START EXERCISE MATERIAL
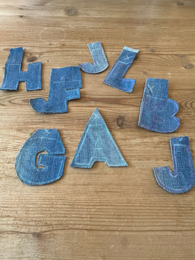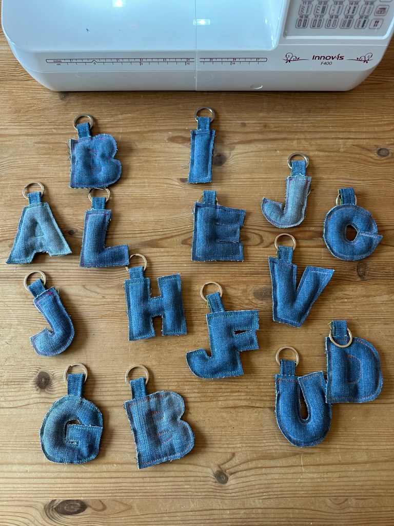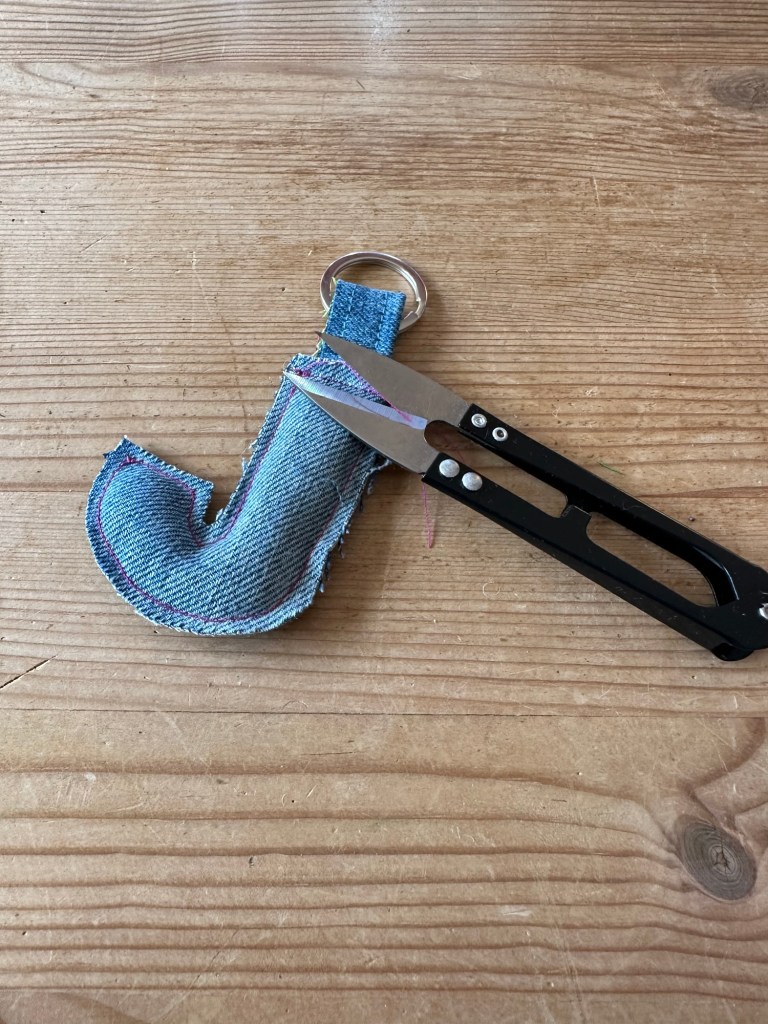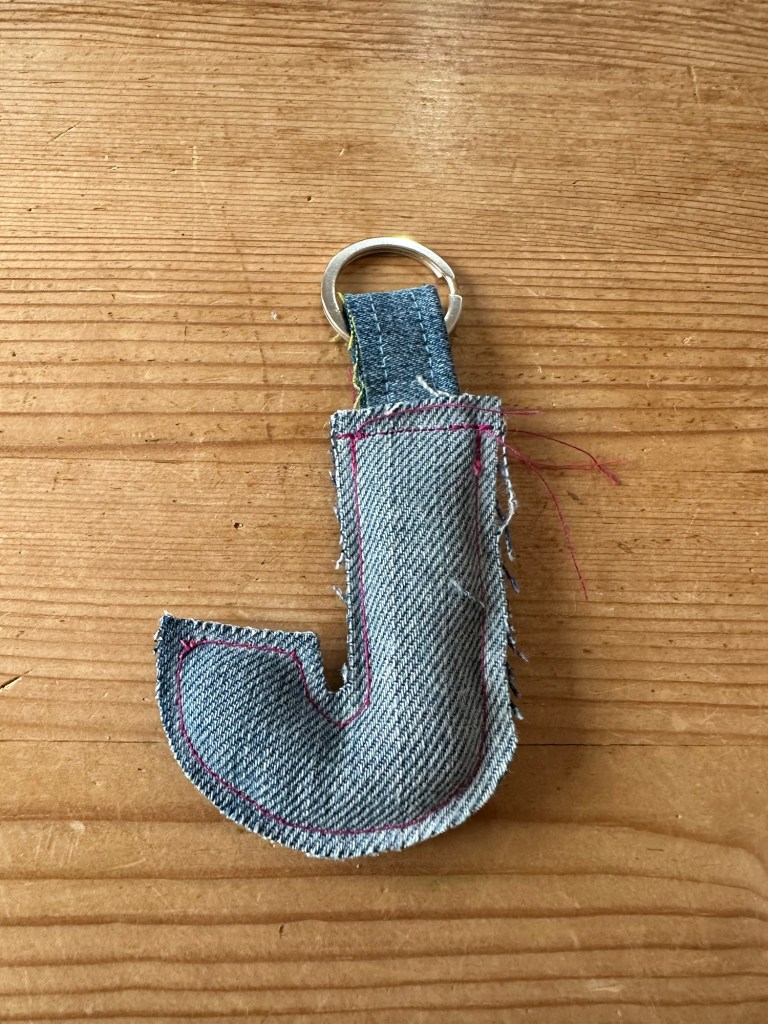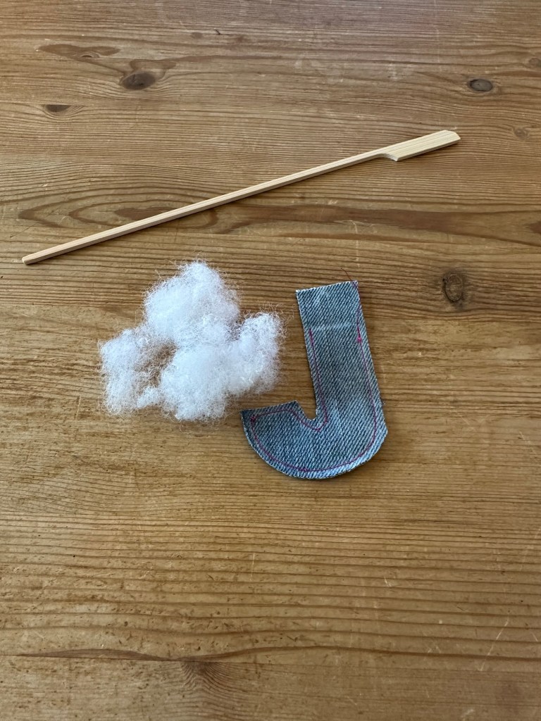 Nun stopfst Du den Buchstaben mit dem Füllmaterial aus, steckst den Anhängerstreifen in die Öffnung und nähst ihn fest.
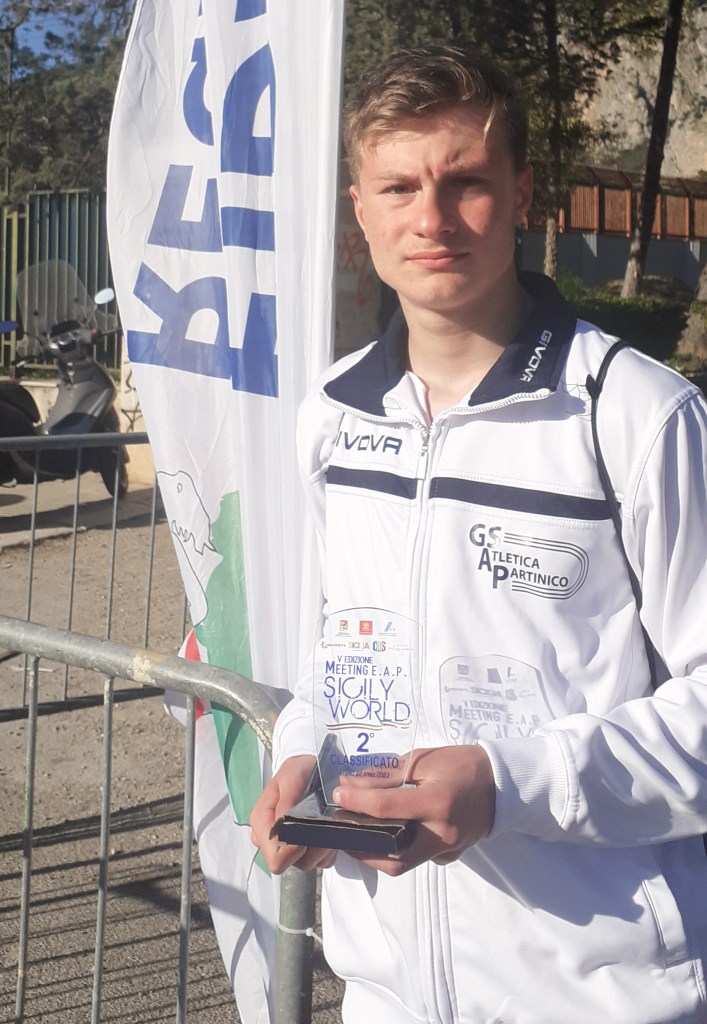 Il 22 Aprile 2023 lo Stadio delle Palme di Palermo è stato teatro dell’ ottima prestazione dell’ atleta partinicese Giuseppe Viola, cat. Cadetti. In occasione del “V° INTERNATIONAL EAP Sicily Meeting 2023”, alla sua seconda gara sulla distanza dei 300 metri, Giuseppe conquista il secondo posto con il tempo di 41″11, demolendo letteralmente il precedente personale che era di 42″92.
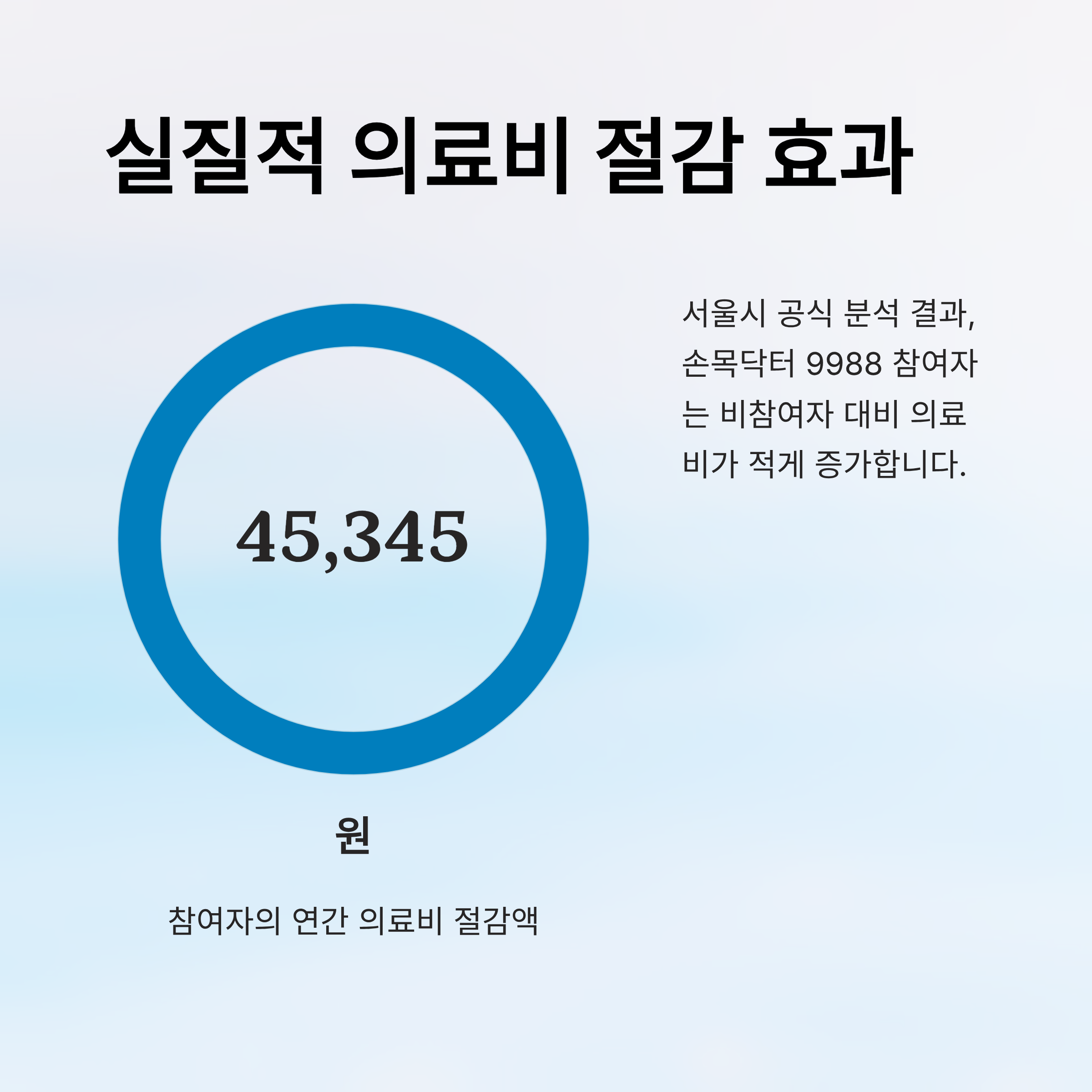 최근 서울시의 공식 분석에 따르면 손목닥터 9988 참여자는 비참여자 대비 연간 의료비가 4만 5,345원 적게 증가하는 것으로 나타났습니다. 이는 단순한 건강관리를 넘어 실질적인 의료비 절감 효과로 이어지는 중요한 의미를 갖습니다.
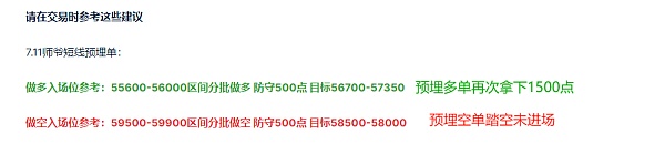 昨日师爷在59500-59900区间的预埋空单,晚间8点公布CPI后行情最高涨至了59780附近。随后凌晨的行情最低跌到了57000附近,文章中预埋空单也再次拿下了1500点利润。而昨日的预埋多单没有给到进场的机会,导致踏空未进场。
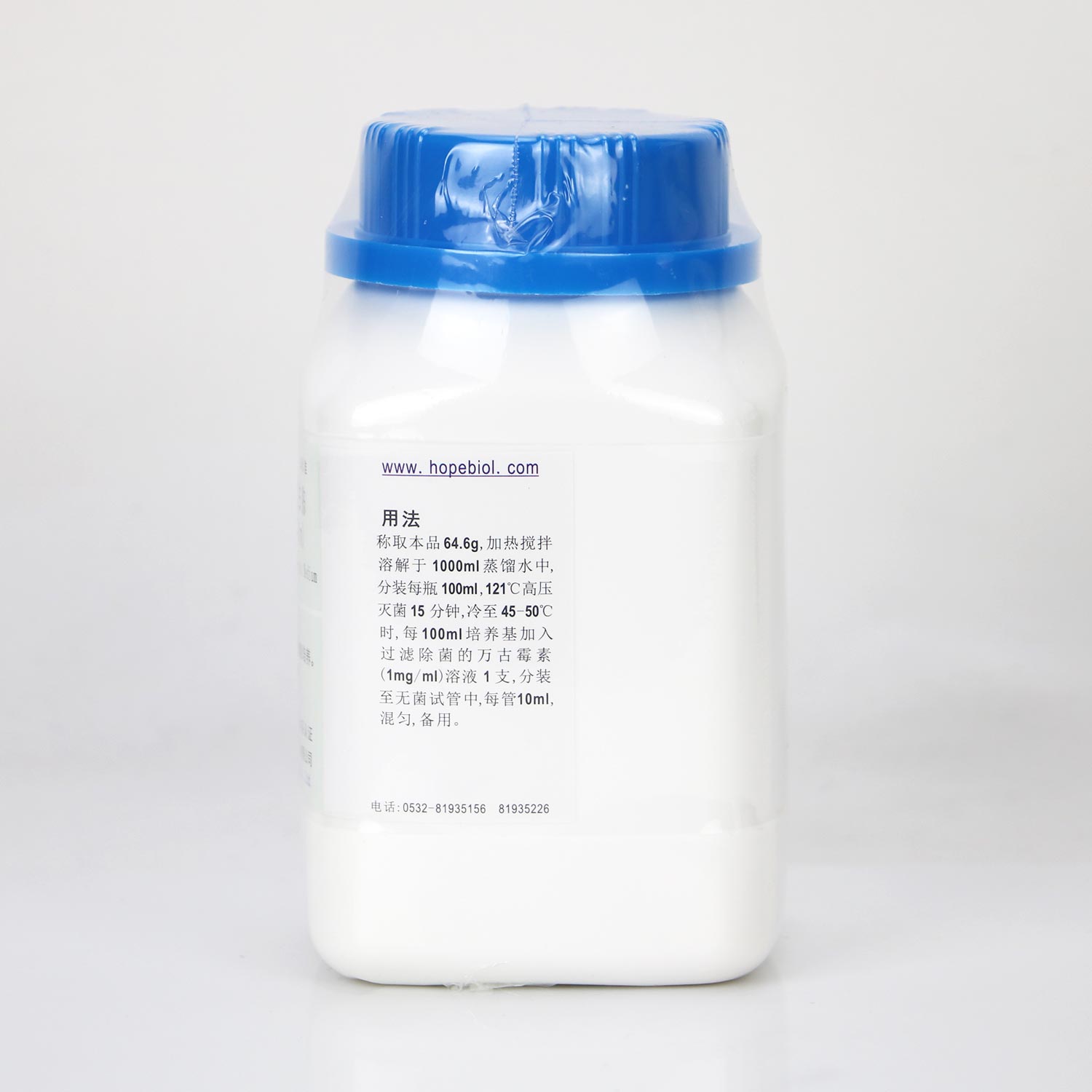 称取本品64.6g,加热搅拌溶解于1000ml蒸馏水中,分装每瓶100ml,121℃高压灭菌15分钟,冷至45-50℃时,加入过滤除菌的万古霉素(1mg/ml)溶液1支,分装至无菌试管中,每管10ml,混匀,备用。
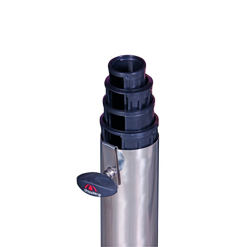 Perfektní držák pro Váš zahradní slunečník. Do horní kotvy můžete použít středový slunečník s průměrem tyče 32 až 60 mm, se dvěma pojistnými šrouby. Při uskladnění slunečníku je možno horní část demontovat a dolní část zajistit krytkou. K dispozici jsou redukční kroužky (52/48/38).
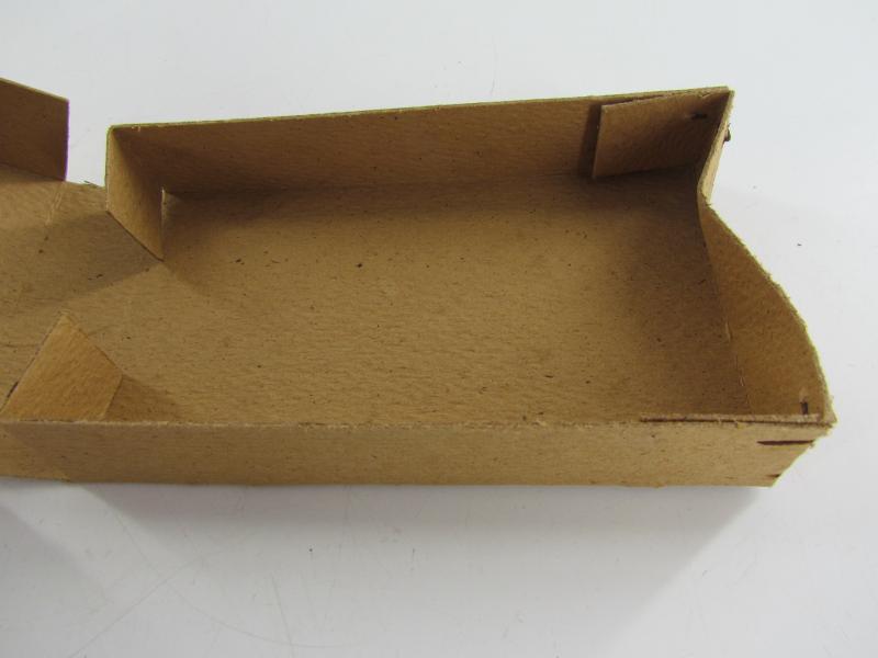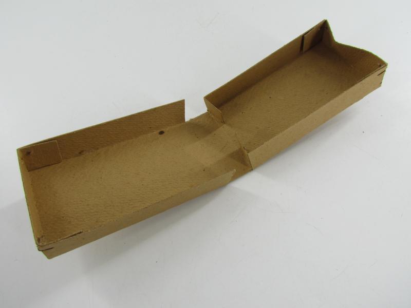 Small German feldpost carton box The empty box comes in a never used condition and is very nice for a display. About 13,5 x 7,5 x 2,5 cm Several on stock
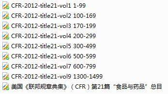 FDA-Code of Federal Regulations (CFR)-Title 21-Food and Drugs 美国《联邦规章典集》(CFR)第21篇“食品与药品” 概述:美国《联邦规章典集》(Code of Federal Regulations,CFR)第21篇“食品与药品”(Title 21―Food and Drugs)共有9卷(Volume)、3章(Chapter)、1499部(Parts)。其中:第1―8卷第1章第1―1299部,为健康与人类服务部食品与药品管理局(Food and Drug Administration,Department of Health and Human Services)的规章;第9卷第2章第1300―1399部,为司法部毒品强制执行局(Drug Enforcement Administration,Department of Justice)的规章;第9卷第3章第1400―1499部,为毒品控制政策办公室(Office of National Drug Control Policy)的规章。 百度网盘下载地址:http://pan.baidu.com/s/1EE9nC 具体目录参见:http://www.fdc-intl.com/detail_info/detail_1195.html [ Last edited by 普弟 on 2013-10-14 at 11:11 ] 更新链接: http://pan.baidu.com/s/1qWnvO2C 密码: sbkj [ Last edited by 普弟 on 2014-10-9 at 09:43 ] |
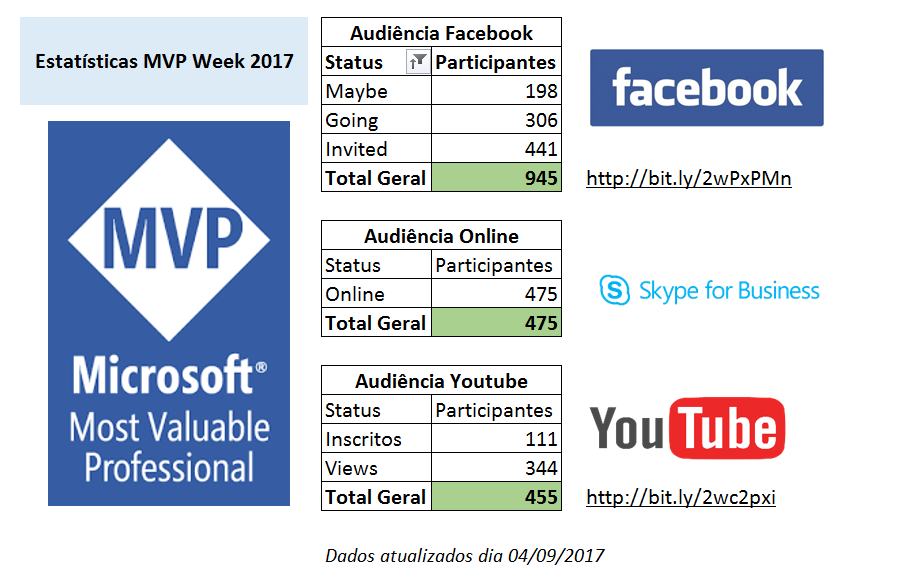 Gostaria de passar para vocês um feedback do que foi o MVP Week 2017 em números, agradecimento e próximos passos. O MVP Week aconteceu na semana dia 21 a 25 de Agosto de 2017, como muitos de vocês acompanharam no evento do Facebook: https://www.facebook.com/events/316648315464161/
END EXERCISE MATERIAL
Write out exactly the lines from the one containing "최근 서울시의 공식 분석에" to the last line of the records above, both included, and leave out any pictures.

 최근 서울시의 공식 분석에 따르면 손목닥터 9988 참여자는 비참여자 대비 연간 의료비가 4만 5,345원 적게 증가하는 것으로 나타났습니다. 이는 단순한 건강관리를 넘어 실질적인 의료비 절감 효과로 이어지는 중요한 의미를 갖습니다.
 昨日师爷在59500-59900区间的预埋空单,晚间8点公布CPI后行情最高涨至了59780附近。随后凌晨的行情最低跌到了57000附近,文章中预埋空单也再次拿下了1500点利润。而昨日的预埋多单没有给到进场的机会,导致踏空未进场。
 称取本品64.6g,加热搅拌溶解于1000ml蒸馏水中,分装每瓶100ml,121℃高压灭菌15分钟,冷至45-50℃时,加入过滤除菌的万古霉素(1mg/ml)溶液1支,分装至无菌试管中,每管10ml,混匀,备用。
 Perfektní držák pro Váš zahradní slunečník. Do horní kotvy můžete použít středový slunečník s průměrem tyče 32 až 60 mm, se dvěma pojistnými šrouby. Při uskladnění slunečníku je možno horní část demontovat a dolní část zajistit krytkou. K dispozici jsou redukční kroužky (52/48/38).
 Small German feldpost carton box The empty box comes in a never used condition and is very nice for a display. About 13,5 x 7,5 x 2,5 cm Several on stock
 FDA-Code of Federal Regulations (CFR)-Title 21-Food and Drugs 美国《联邦规章典集》(CFR)第21篇“食品与药品” 概述:美国《联邦规章典集》(Code of Federal Regulations,CFR)第21篇“食品与药品”(Title 21―Food and Drugs)共有9卷(Volume)、3章(Chapter)、1499部(Parts)。其中:第1―8卷第1章第1―1299部,为健康与人类服务部食品与药品管理局(Food and Drug Administration,Department of Health and Human Services)的规章;第9卷第2章第1300―1399部,为司法部毒品强制执行局(Drug Enforcement Administration,Department of Justice)的规章;第9卷第3章第1400―1499部,为毒品控制政策办公室(Office of National Drug Control Policy)的规章。 百度网盘下载地址:http://pan.baidu.com/s/1EE9nC 具体目录参见:http://www.fdc-intl.com/detail_info/detail_1195.html [ Last edited by 普弟 on 2013-10-14 at 11:11 ] 更新链接: http://pan.baidu.com/s/1qWnvO2C 密码: sbkj [ Last edited by 普弟 on 2014-10-9 at 09:43 ] |
 Gostaria de passar para vocês um feedback do que foi o MVP Week 2017 em números, agradecimento e próximos passos. O MVP Week aconteceu na semana dia 21 a 25 de Agosto de 2017, como muitos de vocês acompanharam no evento do Facebook: https://www.facebook.com/events/316648315464161/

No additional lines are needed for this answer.